Judges and Magistrates attend Anti-money laundering and counter Terrorism Finance trainingPNGCJE
A total of twenty-four (24) Magistrates and six (6) Judges of the Supreme and National Court of PNG are currently undergoing a four-day Anti-money Laundering and Counter Terrorism Finance training in Port Moresby.
The workshop started on Tuesday and will conclude tomorrow 11 August. The training is organized by the PNG Centre for Judicial Excellence in collaboration with the United Nations Office on Drugs and Crime and supported by the Government of Norway through the Norway’s International Climate and Forest Initiative (NICFI).
Speaking during the opening of the training, Chief Justice of PNG Sir Gibbs Salika challenged the Judges and Magistrates to engage with the facilitator and co-facilitator and share their knowledge and ideas to develop a deep learning environment.
“Majority of the Judges from the PNG Judiciary have participated in this training in 2022 and we have extended the training this year to include our Magistrates as it is beneficial in providing them with a sound background knowledge on anti-money laundering and counter terrorism financing.
“It is important that we understand the context of anti-money laundering and counter terrorism financing in terms of knowledge, skills and awareness as Judges and Judicial officers.
“Money laundering is a crime and those who attempt to legitimize this illegal activity undermine the integrity of the financial system. It maybe that many in the public are not aware of this crime and there is likely a need for an awareness campaign to educate our society,” he said.
United Nations Resident Coordinator, Mr. Richard Stephen Howard Jr while speaking at the training said PNG has a rich cultural heritage and vast potential, blessed with an abundance of natural resources, and deserves a future free from the shadows of illicit financial activities.
“These resources are not just the pride of this nation but also the backbone of its economy. However, with great wealth comes great vulnerability. Criminal elements, both domestic and international, see these resources as ripe for exploitation, using them as vehicles to generate illegal proceeds.

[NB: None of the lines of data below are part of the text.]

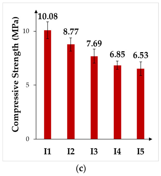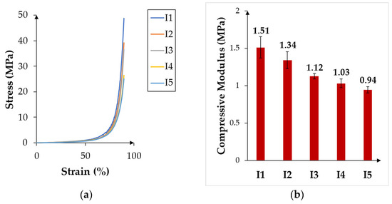 Figure 12a depicts the stress–strain response of foam samples under compression tests. Compression stress–strain curves for silicone rubber generally feature an initial linear region which associates with the foam’s elastic behaviour, followed by a plateau region in which the strain is barely affected by increased stress due to the yielding and energy absorption of cell structures, and lastly the densification region, outlined by the sharp increase of the stress–strain slope due to the immense collapse of cell structures [73,75]. As in the tensile tests performed, foams with different porosity displayed different behaviour under compression testing. It is noticed that the plateau region was elongated in foams with higher porosity, suggesting that more closed cells were subjected to compression with higher energy absorption [44]. Larger pores necessitate a higher strain to achieve compression and filling of voids in the structure [63]. To inspect the compressive performance of all foams, one can contrast the corresponding compressive stress values at a fixed strain [73]. Hence, the compressive stress values at 80% strain of all samples were chosen for the comparison. Figure 12b,c conveys that the compressive modulus and compressive stress of foam samples from I1 to I5 lowered from 1.51 MPa to 0.94 MPa, as well as 10.08 MPa to 6.53 MPa, respectively. As a comparison, the compressive modulus of a commercialized room-temperature vulcanized silicone rubber is disclosed by Kumar et al. [76] as 1.55 MPa. Hence, the compressive modulus of the porous silicone foams synthesized in this study were comparable with commercial silicone rubber despite the compensation of moderate pore structures. The 20.47% greater degree of porosity from I1 to I5 prompted a reduction of 37.75% in compressive modulus, and 35.22% in compressive strength at 80% strain. In brief, the compressive properties of the foam samples were impacted and tuneable solely by the degree of porosity.
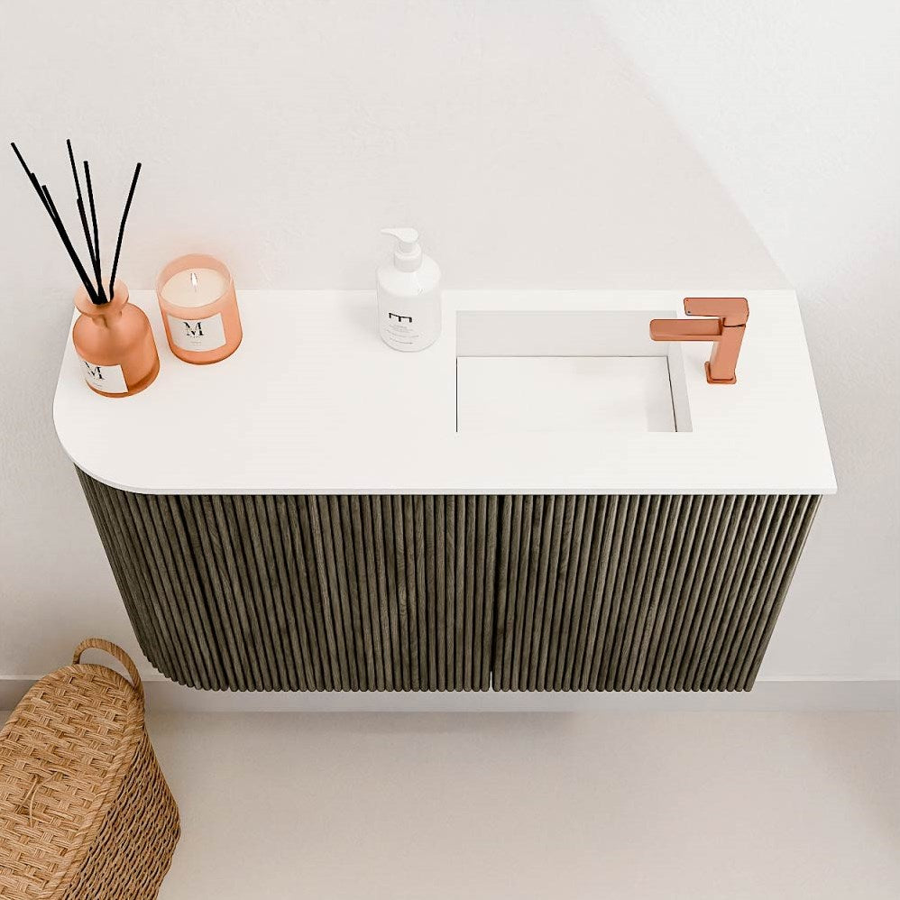 JOYA 71,6cm toiletmeubel ronding links kleur Shadow. Wastafel FAYE positie Rechts 1 kraangat kleur Talc.
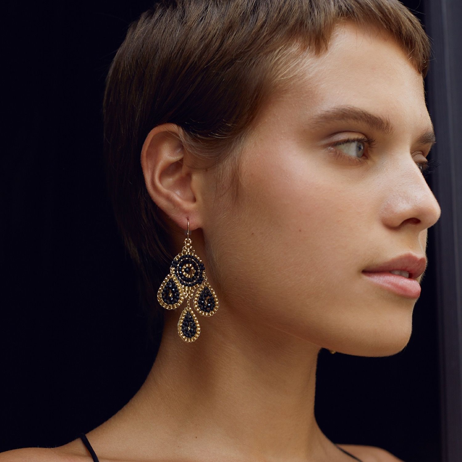 Boucles d'oreilles uniques fabriquées à la main dans des tons noirs/or attrayants ; très facile à porter, longueur totale d'environ 6,7 cm

“Illegal logging, unregulated mining, illegal fishing, and wildlife trafficking are just a few examples of how these criminals exploit our environment. They strip the land, sea, and forests, leaving behind a trail of environmental degradation, social disruption, and economic loss. The proceeds from these activities are then laundered through complex networks, making it challenging to trace and recover,” Mr. Howard said.
He said with PNG’s strategic location, while being a boom for trade and connectivity, unfortunately, also exposes the nation to heightened risks from transnational criminal organizations.
“These groups exploit the vast and complex maritime routes for the trafficking of illegal commodities, turning the Pacific into a conduit for their illicit activities.
“As judges and magistrates, you hold a pivotal role in shaping this future. Your decisions can set precedents, inspire change, and ensure that the rule of law prevails over the clandestine operations of money launderers and other criminals.
I commend the judiciary of PNG for taking this proactive step, for seeking knowledge, and for committing to be at the forefront of this battle. The United Nations stands with you, ready to support, guide, and collaborate in every possible way,” Mr. Howard said.